Martin O’Neill needs to tell Shane Long he’s the main man
Playing Robbie Keane as the lone striker has rarely worked
Ireland’s Shane Long celebrates his late strike against Latvia.
Friday’s performance was certainly encouraging. The intent was what warmed the cockles of many an Irish football heart. The style of Martin O’Neill, both on the field by his team and the man off it, was impressive. More because of the contrast in his approach to Giovanni Trapattoni than anything else.
Remember when the national team used to sell out the national stadium? More of the enthusiasm adopted by Ireland against Latvia will keep the crowd streaming back.
Keiren Westwood endeavoured to play it out from the back and our midfield trio could dip into space for a pass because the back four opened up high and wide (whether David Forde will be afforded the same luxury this evening seems unlikely).
And do you think Trap would have even considered playing a front four of Robbie Keane, Aiden McGeady, James McClean and Wes Hoolahan? No, nay, never.
Too small, too light for the Italian and still these were the men who gave the crowd back their voice. The confidence of McClean, McGeady and Keane goals, allied by Hoolahan’s touch, was what made us start believing again.
Yes, Latvia were dire and it is early days but we all needed a perestroika and glasnost moment. The new management immediately offered us such hope. With the visitors clogging the middle, pathways were created for decent service up to McGeady, McClean and Keane.
This is how the game should be played more often than not. Especially against lesser opponents. Now, it will be interesting to see if this trio can be employed against stronger opposition, against teams ranked above us.
Attack the best
Are we really willing to go out and attack the best, to let Séamus Coleman and whoever secures the left-back role raid forward when the moment demands it? I don’t think such an attacking formation can be accommodated on the road.
This brings us to the first major conundrum of the new era. Robbie Keane and the system he is played in. If he is played at all. Keane’s attitude on the pitch and desire to represent his country remains obvious even if his number of goals against major nations deserves further scrutiny.
His goal at home to Sweden in the 2-1 defeat last September was the only strike in six games against our three Group C rivals. That is not enough. Playing Keane as the lone striker has rarely worked. But it is the way O’Neill has regularly set up his club teams.
Kevin Doyle and Shane Long deserve further examination attacking through the middle, and I expect one of them to become the main target for crosses.
O’Neill played behind and then coached players like Billy Hamilton, Gerry Armstrong, Emile Heskey and John Hartson; big, bustling target men.
The WBA striker looked like he was cracking up in Ireland camp over the last year.

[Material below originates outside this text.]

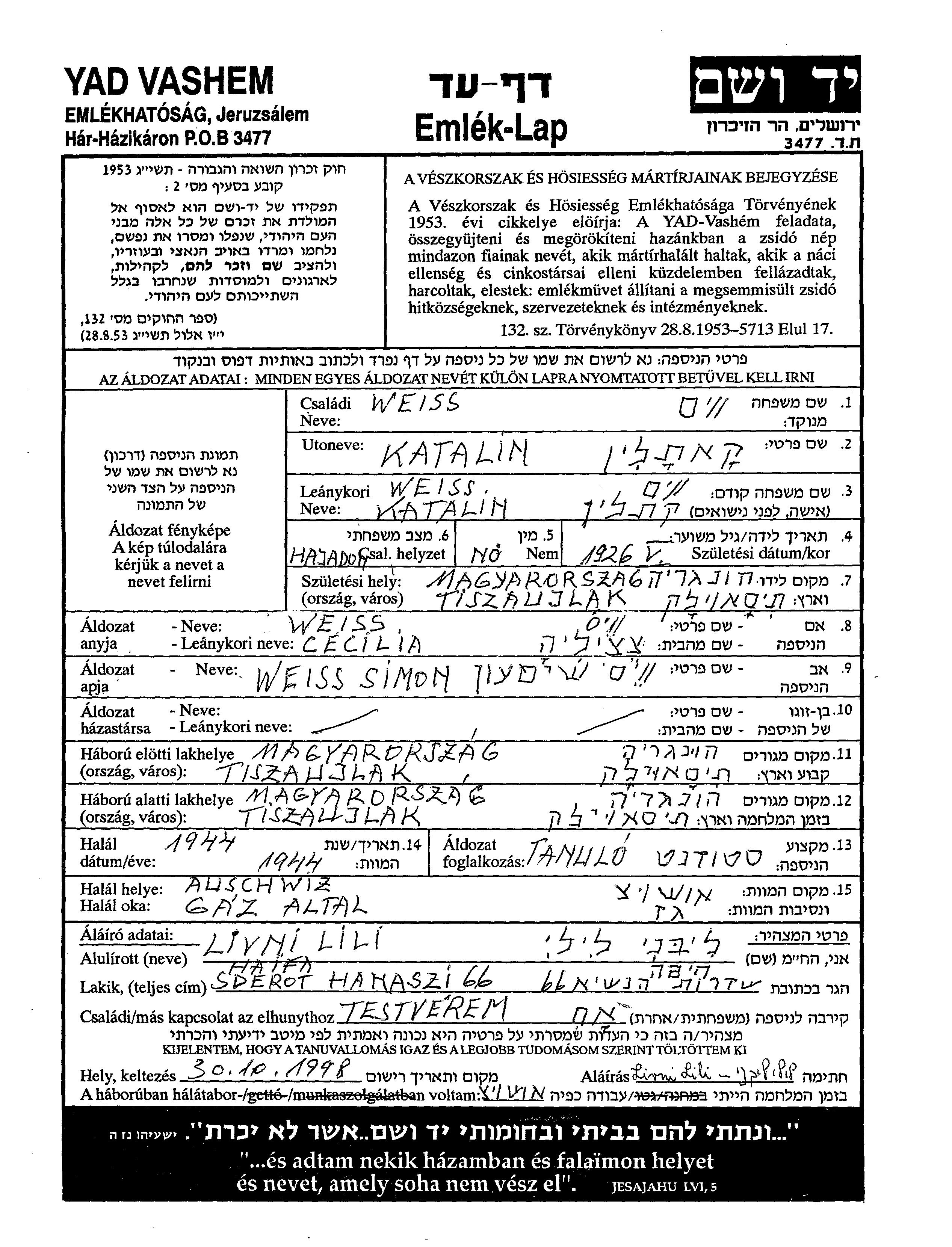 קאתלין Weiss נולדה בTiszaujlak שבצ'כוסלובקיה בשנת 1926 לשימעון וCecilia. היא היתה סטודנטית ורווקה. לפני מלחמת העולם השניה התגוררה בTiszaujlak שבצ'כוסלובקיה. בזמן המלחמה היא היתה בTiszaujlak שבצ'כוסלובקיה. קאתלין נרצחה בשואה. מקום המוות: Auschwitz שבפולין בשנת 1944.

He was picking up yellow cards when lashing out during the brief cameos offered to him. Then Noel King didn’t use him and he had a go.
Just like McClean last Friday, all that can change tonight by telling Shane he is the main man. Just go out there and justify the faith we are placing in you. The team have been too dependent on route one and set-piece goals, but I feel that is set to change.

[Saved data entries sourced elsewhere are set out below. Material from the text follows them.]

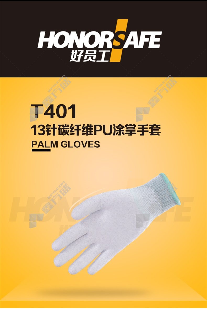 good staff 13-gun carbon fiber PU coated gloves T401 L T401/S
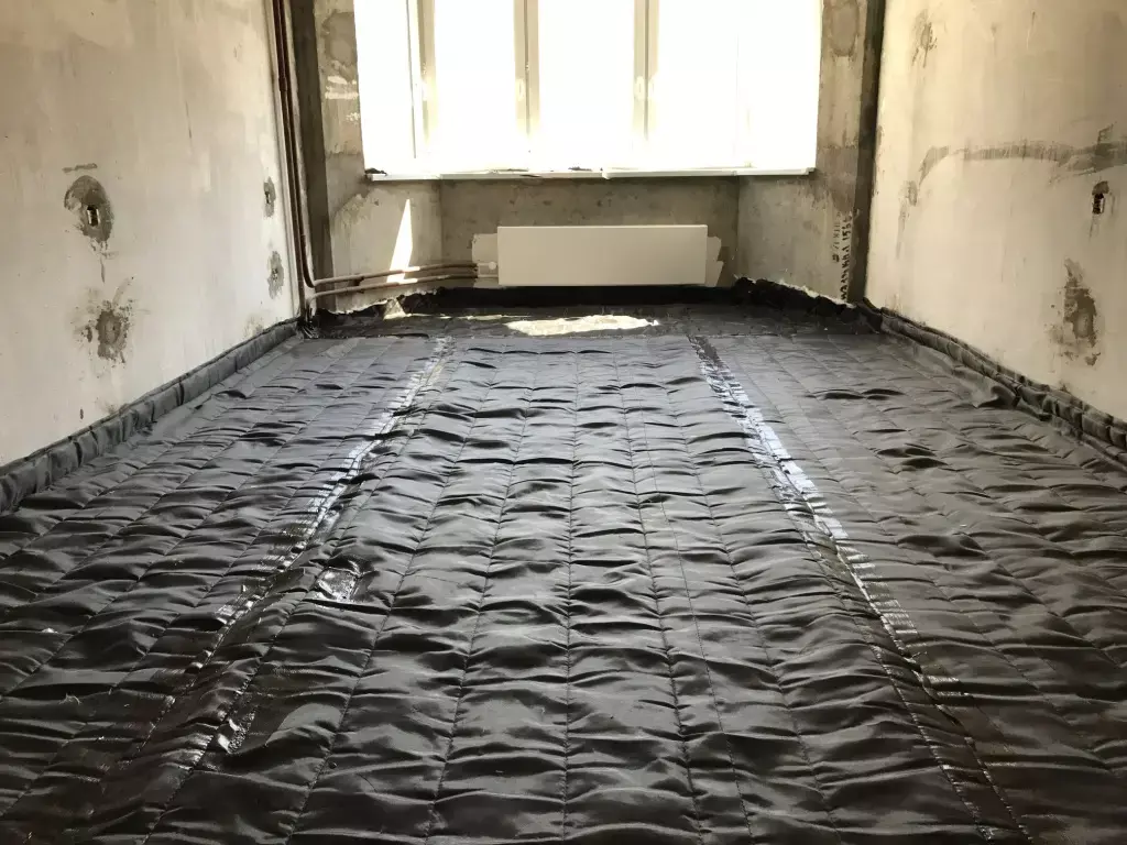 Разложить рулоны МаксФорте ЭКО.МАТ на выровненный пол так, чтобы получилось своего рода «корыто»: края рулонов МаксФорте ЭКО.МАТдолжны заходить на стены на высоту будущего чистового пола (лучше с небольшим запасом: лишнее легко можно впоследствии обрезать, а недостающую высоту прокладки между стяжкой и стенами подложить уже не получится). Стыки между рулонами МаксФорте ЭКО.МАТ проклеиваются серым армирующим скотчем.
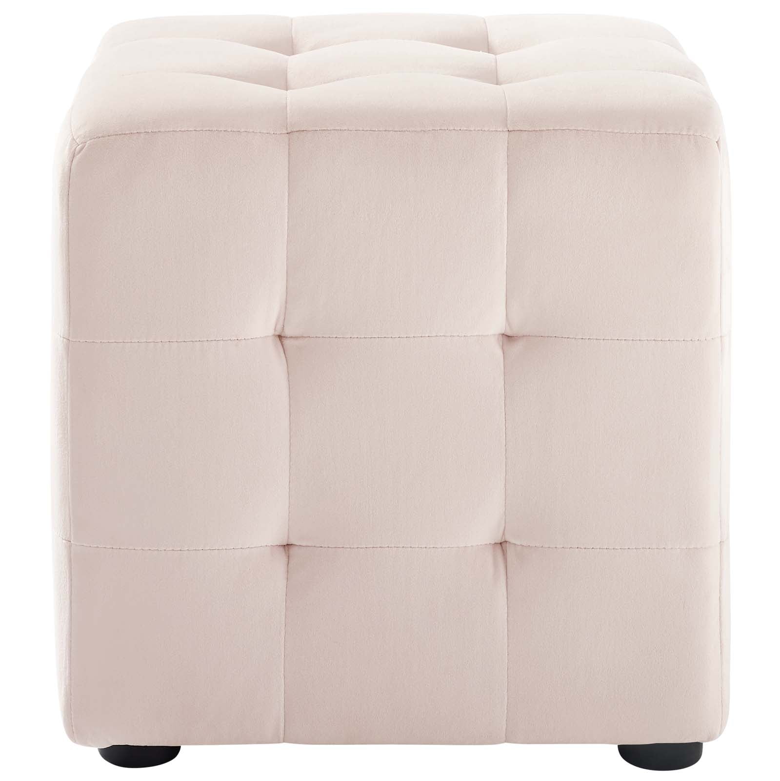 Accent your home decor with the Contour Performance Velvet Ottoman. Cube-shaped with button tufting details, Contour is solidly constructed with a plywood frame covered in dense foam padding with performance velvet upholstery. This tufted ottoman comes with soft and durable stain-resistant fabric, non-marking foot caps, and can support up 441 pounds. Perfect for the living room, lounge room, entryway, dorm room, bedroom, or home office, Contour is a versatile accent piece that also serves as a footrest or extra seat. Comes fully assembled.

Analysing an away formation is the main value of tonight. Poland are actually ranked nine places below us (69th) and we played them already this year, so it begs the question: what are we doing back in (a cold and damp) Poznan? It will be different though as both nations are under new management.
O’Neill is mindful of the need to keep fluid communication channels open with club managers. That means trying not to flog any player over 180 minutes. Still, I feel John O’Shea needs to be retained at the heart of the defence.

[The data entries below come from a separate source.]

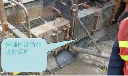 6、对摊铺机进行适当的改进(如在摊铺机两侧挡料板下加挡料皮等),以避免混合料离析。
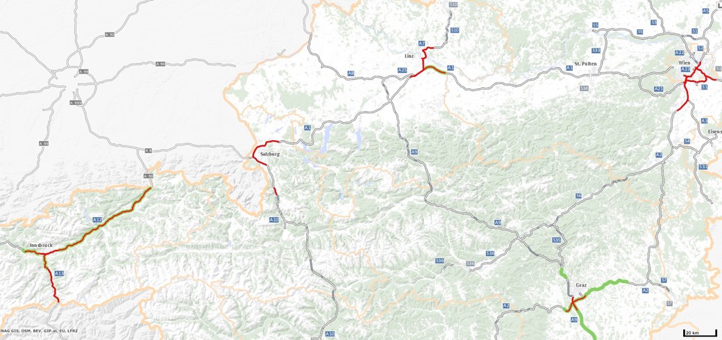 Hauptsächlich setzen wir VBA rund um die Ballungsräume ein, weil hier die Staugefahr naturgemäß höher ist. Folgende Strecken sind VBA-Gebiete:
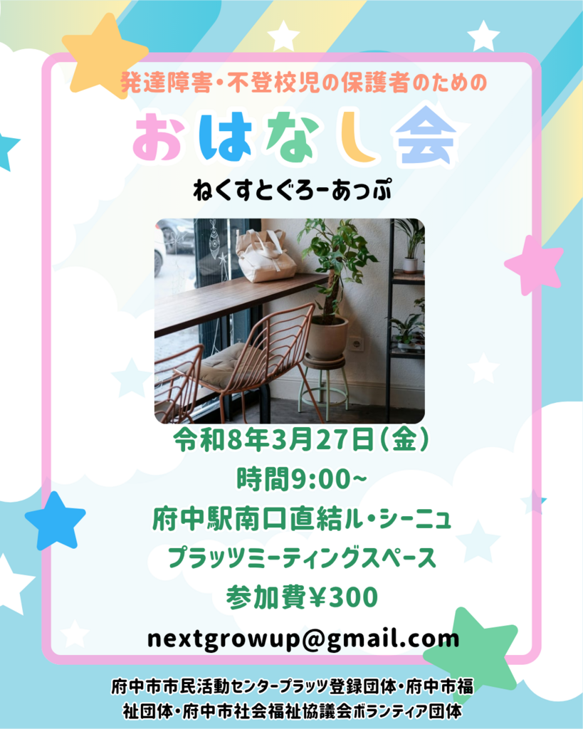 対象は、不登校、サポートルームを利用している、神経発達症と診断されていたり、生活に困りごとのあるお子さんの保護者です。診断・未診断は問いません。おはなし会は月1回不定期で、各回¥300となっております。
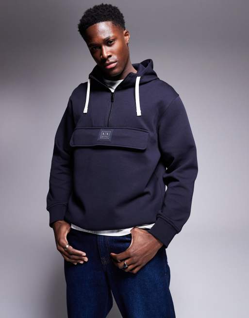 Armani Exchange - Felpa con cappuccio blu navy con logo al centro
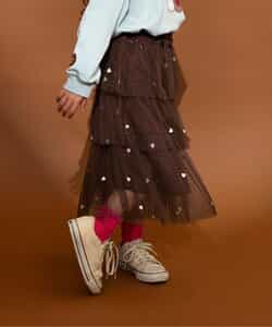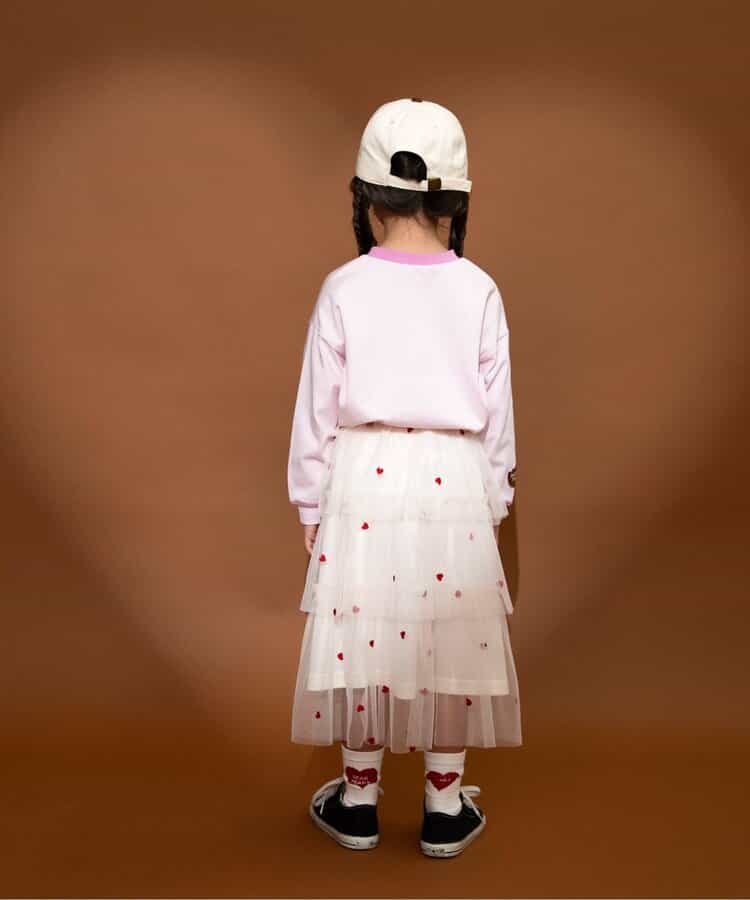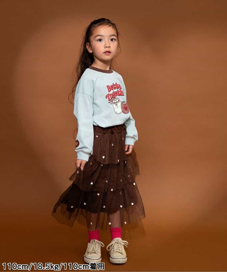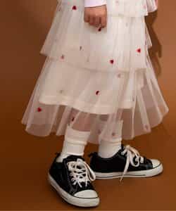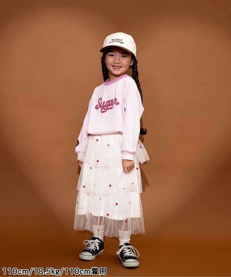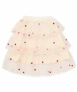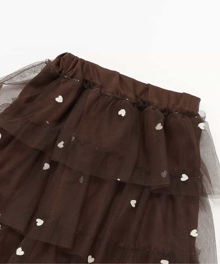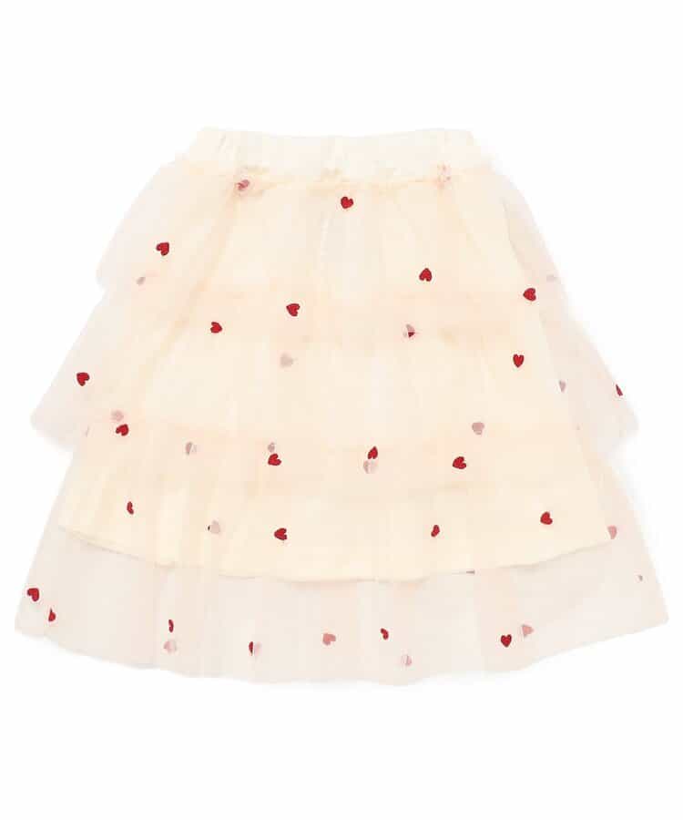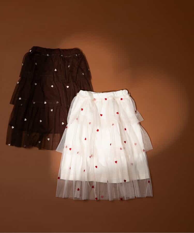 【1/16(金)21:00~販売】BREEZE(ブリーズ)のスカート「ハート総柄刺繍チュールスカート」は、お出かけにも普段使いにも着まわせるデザインが人気!色や柄、シルエットでかわいさを引き出します♪<お取り扱いのご注意>この商品は着用中の摩擦や洗濯により毛羽の乱れ、毛羽脱落、毛玉が生じることが有ります。できるだけ美しくご利用頂く為に次のことにご留意下さい。○毛玉は毛玉取り器またはハサミで丁寧にカットして下さい。○毛羽が他に付着した際はテープやブラシで除去して下さい。○他の製品とは洗わず、単独でお洗濯して下さい。○タンブル乾燥はお避け下さい。

I also expect to see Paul Green as a holding midfielder. He performed adequately when given a chance against Sweden, Austria and against Poland last February.
Poland will provide the necessary technical and tactical challenge so obviously missing in the Latvia game. There won’t be anywhere near the same time to pass from the back. So we will need to scrap for possession. That will tell O’Neill and Roy Keane something more about their soldiers.
Tonight we also have the opportunity to address the embarrassment of the Euros when our statistics were the worst on show. Over our three group games we completed 725 passes to a green jersey. Spain racked up 3,915. A stat somewhere in the middle would do us just fine.